Based on her prodigious diary, this e-book is my account of Kate Frye’s life and is a tie-in with the  ITV series ‘The Great War: The People’s Story’, in which Romola Garai plays Kate. For details of the TV series and its accompanying books see here. Kate appeared in the second episode – which you can now watch here.

To discover more about the entirety of Kate’s life – her upbringing, her involvement with the suffrage movement, her London flats, her life in a Buckinghamshire hamlet, her love of the theatre, her times as an actress, her efforts as a writer, her life on the Home Front during two world wars, her involvement with politics – and her view of the world from the 1890s until October 1958  – download the e-book from iTunes – http://bit.ly/PSeBKPFITVal. or  from Amazon .

Writing up her diary in her miserable rented room in Worthing on 7 August 1914 Kate could not have thought – even in her wildest dreams – and she certainly did on occasion allow herself wild dreams of fame – that one hundred years later YOU would be able to read her life story.

It is something of a fairytale – from the discovery of the boxes of wringing-wet diaries in a north London cellar to the publication of Kate’s story, now available for the World to read at the click of a mouse.  It is a dream realised, not only for the Kate I have got to know so well and who through her diary entries makes us privy to her hopes, but also for myself. To be given the chance to resurrect the story of an ‘ordinary’ woman (though she most certainly was not ordinary to herself) is the culmination of a lifetime of biographical reading.  Moreover it is ‘hidden lives’ -such as Kate’s – that have been of abiding interest.
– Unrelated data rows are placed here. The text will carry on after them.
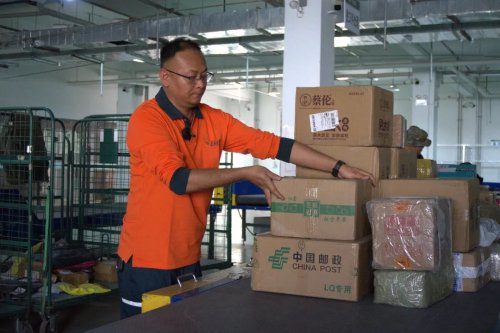 工人邊取件邊說:“只要我們把地址寫成郵件寄存點,郵車就能給我們送過來,我們又能愉快地買買買了?!?/p>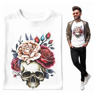 Koszulka Męska Kwiaty i czaszka róże kontrast tatuaż gotycki mrok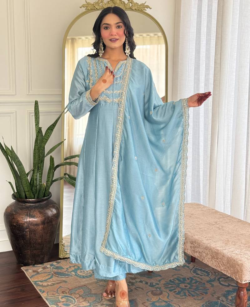 • Product Id : 4716776 • Package Details : 1 Kurti / 1 Pant / 1 Dupatta • Type : Kurta Sets • Work : Embroidered • Type : Sequins Work • Look : Traditional • Sleeve : Quarter Sleeve • Neck Style : V Neck • Color : Blue • Stitching : Stitched • Fabric : Vichitra Silk • Length : 45.0 Payments [+]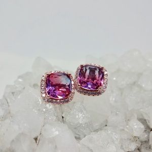 NEW Rose Gold 925 Purple Mystic Topaz halo earring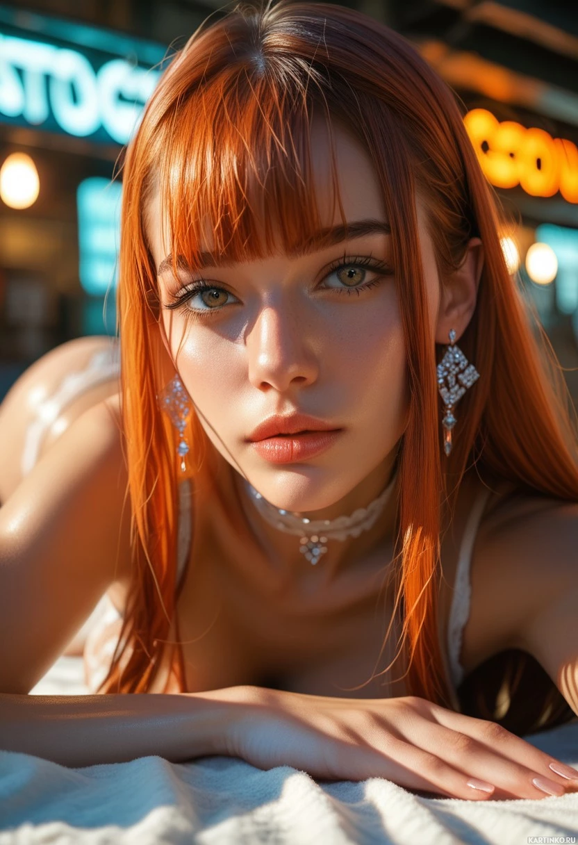 a sleeveless top or dress, possibly made of silk or satin, which hugs her curves in all the right places. The fabric appears to be lightweight and flowing, with intricate patterns or designs that add visual interest to the overall look. Her arms are bare, showcasing her toned muscles and slender wrists. In the background, the setting is not clearly defined, but it appears to be a bustling city street or urban landscape. Neon lights and signs can be seen in the distance, casting a colorful glow over the scene. The atmosphere is lively and energetic, with people milling about in the distance. Overall, the image presents a captivating portrait of a young woman who exudes confidence and poise. Her striking features, elegant attire, and dynamic setting combine to create a visually stunning image that draws the viewer's attention.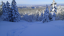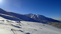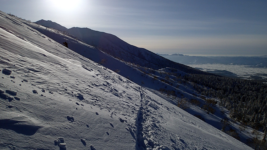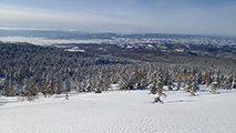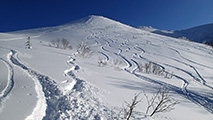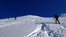 ![]() シュプールだらけになった西の尾根 |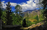 Beautiful sky with clouds and Mountains of Aosta valley Alps Italy.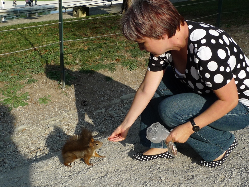 Die Eichhörnchen in Schönbrunn haben ihre Nusslieferanten gut dressiert.

There is a certain fitness that at a time when the major publishing conglomerates tend, for safety’s sake, to concentrate on the lives of those whose names are already known – for whom a market already exists – that it is a television company, ITV, that is taking a bow at a venture and allowing you to read the life of an ordinary woman. Kate, I am sure, would have been most interested to watch The Great War: the People’s Story. For her entire life she was entranced by the telling of tales – in novels, on the stage, on film, on radio and, in her latter years, on television and it so happens that the one play she succeeded in getting published was set on the Western Front – in the final hour of the Great War.

When editing Kate’s suffrage years as Campaigning for the Vote: Kate Parry Frye’s suffrage diary I did briefly debate (and did so at much greater length in a post – Kate Frye and the Problem of the Diarist’s Multiple Roles)  the ethics of mining a diary and presenting only one aspect of the subject’s life. I have now been able to reconcile any doubts I might have had. Kate’s suffrage diary undoubtedly adds to our understanding of the suffrage campaign and it is now with considerable satisfaction that I am able to present to you Kate’s life in its entirety.

Coincidentally yesterday I spotted a new blog review of Campaigning for the Vote that not only gives a delightfully long review of that book – but also reveals that the writer is longing to know more about Kate and – at the last moment – is pleased to have just downloaded the e-book and begin a deeper acquaintance.

 

If you are interested to find out more about Kate’s involvement in the women’s suffrage campaign – in a beautifully-produced, highly illustrated, conventional paper book. .In London it is in stock in Foyles, Charing Cross Road, and at the Persephone Bookshop in Lamb’s Conduit Street. and is available by mail order from the publisher –  see  Campaigning for the Vote: Kate Parry Frye’s Suffrage Diary

Copyright

All the articles on Woman and Her Sphere and are my copyright. An article may not be reproduced in any medium without my permission and full acknowledgement. You are welcome to cite or quote from an article provided you give full acknowledgement.
  1. #1 by Lyn on August 8, 2014 - 10:19 am

    Thank you for including the link to my review. I enjoyed Kate’s diary & I’m looking forward to reading the biography. Hopefully the TV series makes it to Australia one of these days.

    • #2 by womanandhersphere on August 8, 2014 - 2:16 pm

      And many thanks to you for such a considered review of Campaigning for the Vote. I would be very interested to know what you think of the story of Kate’s life.